The test for Biden is whether his stylistic changes will be matched by policies that deliver a marked improvement from Trump, and a month is not long enough to measure that. Further, the length of Biden’s honeymoon is likely to be brief in highly polarized Washington, with Republicans already saying he has caved to the left wing of the Democratic Party.

The first time the nation saw Biden in the Oval Office, he sat behind the Resolute Desk wearing a mask. Trump, of course, had eschewed masks, and made their use a culture war totem and political cudgel.

Though Biden wore a mask in the campaign, seeing it on the face of the new president in the Oval Office made for a different message. Biden wished to make a sharp break with his predecessor while his administration came to own the deep and intractable crises that awaited him.

With executive orders, policy pronouncements and the stirrings of legislation, Biden set out to unwind the heart of Trump’s agenda on immigration, the pandemic and more.

“The subtext under every one of the images we are seeing from the White House is the banner: ‘Under new management’,” says Robert Gibbs, press secretary for President Barack Obama.

“Whether showing it overtly or subtly, the message they are trying to deliver, without engaging the former president, is to make sure everyone understands that things were going to operate differently now and that hopefully the results would be different, too.”

In executive actions, Biden reversed Trump’s course on the environment and placed the Obama health law at the center of the pandemic response with an extended enrollment period for the insurance program that Trump swore to kill.

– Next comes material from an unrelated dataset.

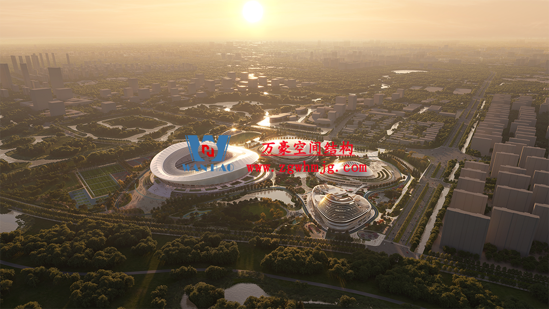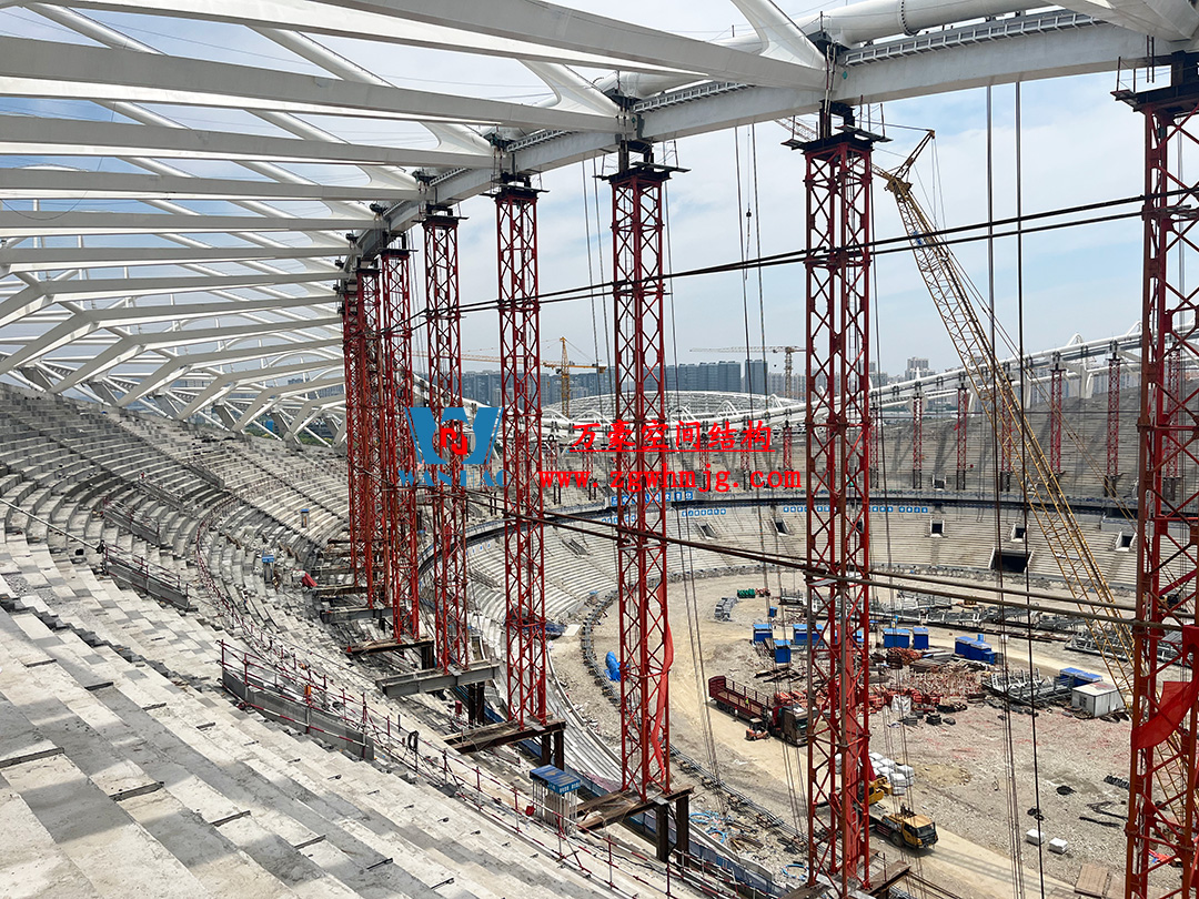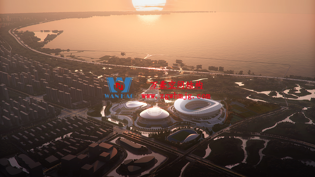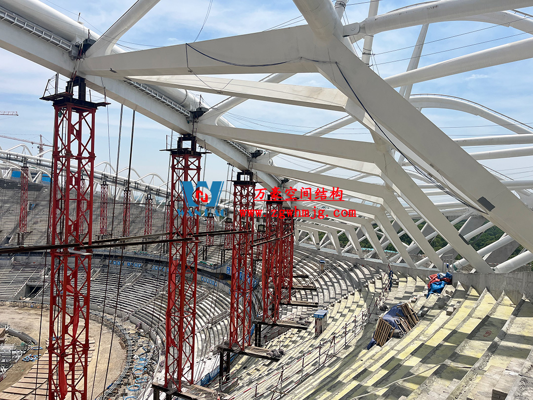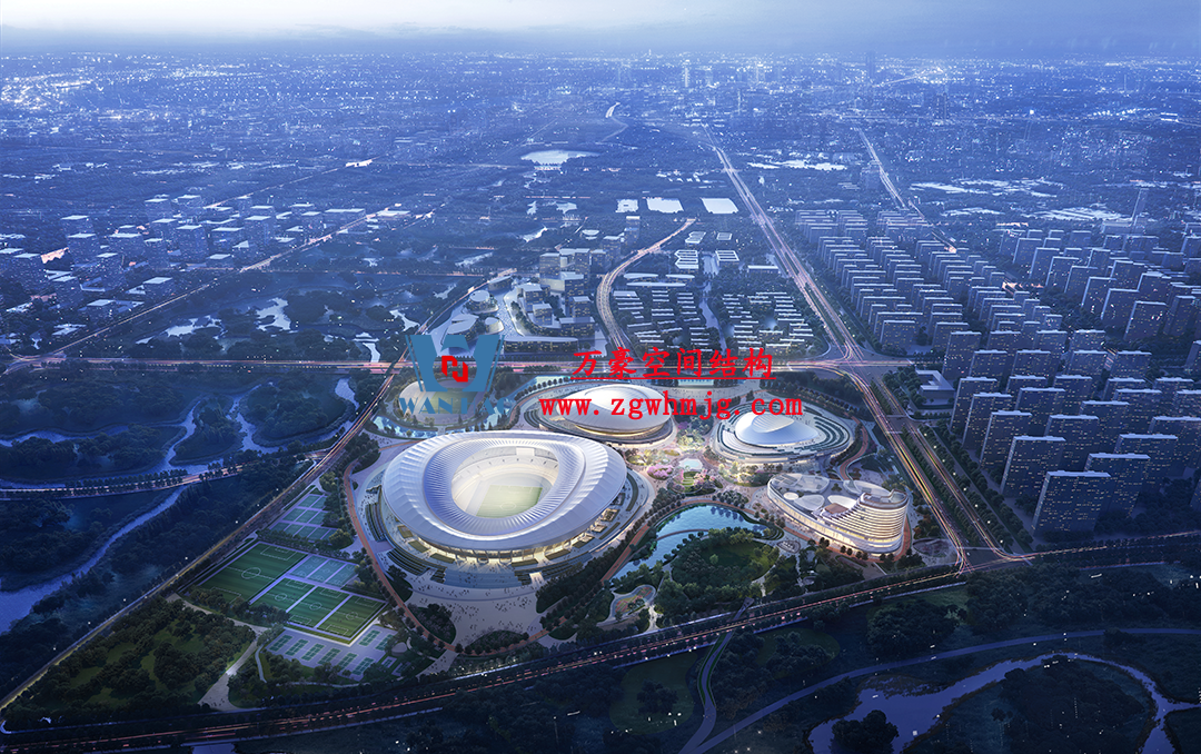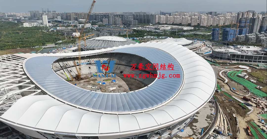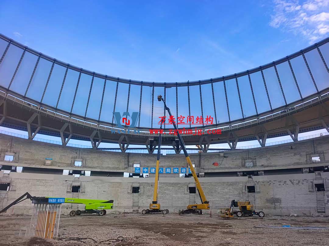該項目采用車輻式索膜結構體系,其中膜結構由屋面內環ETFE氣枕結構、屋面外環PTFE膜結構及立面PTFE膜結構組成。 其中,屋面ETFE氣枕由萬豪空間結構深化設計及安裝,ETFE氣枕投影面積20000平方米左右。

The Iran nuclear deal that Biden’s predecessor abandoned is back on the diplomatic plate. The United States is back in the World Health Organization as well as the Paris climate accord.

But that only goes so far. The world wants to see how far Biden will actually go in making good on climate goals, whether he will steer more help to poorer countries in the pandemic and whether his words of renewed solidarity with NATO may only last until the next pendulum swing of U.S. politics.

In addition, Biden faces the reality that over the past four years China has moved in to fill the void left by the U.S. on trade, and allies have learned to rely less on the U.S. during the more hostile Trump era.

One month into Trump’s presidency, he had lost his national security adviser and his choice for labor secretary to scandal. The revolving door of aides was already in motion.

Biden’s first month has been comparatively drama-free, with many of his Cabinet picks approved.

After 40 years in Washington, eight years as Obama’s vice president and two failed presidential campaigns before his successful one, Biden has had a lifetime to think about how to get rolling as president.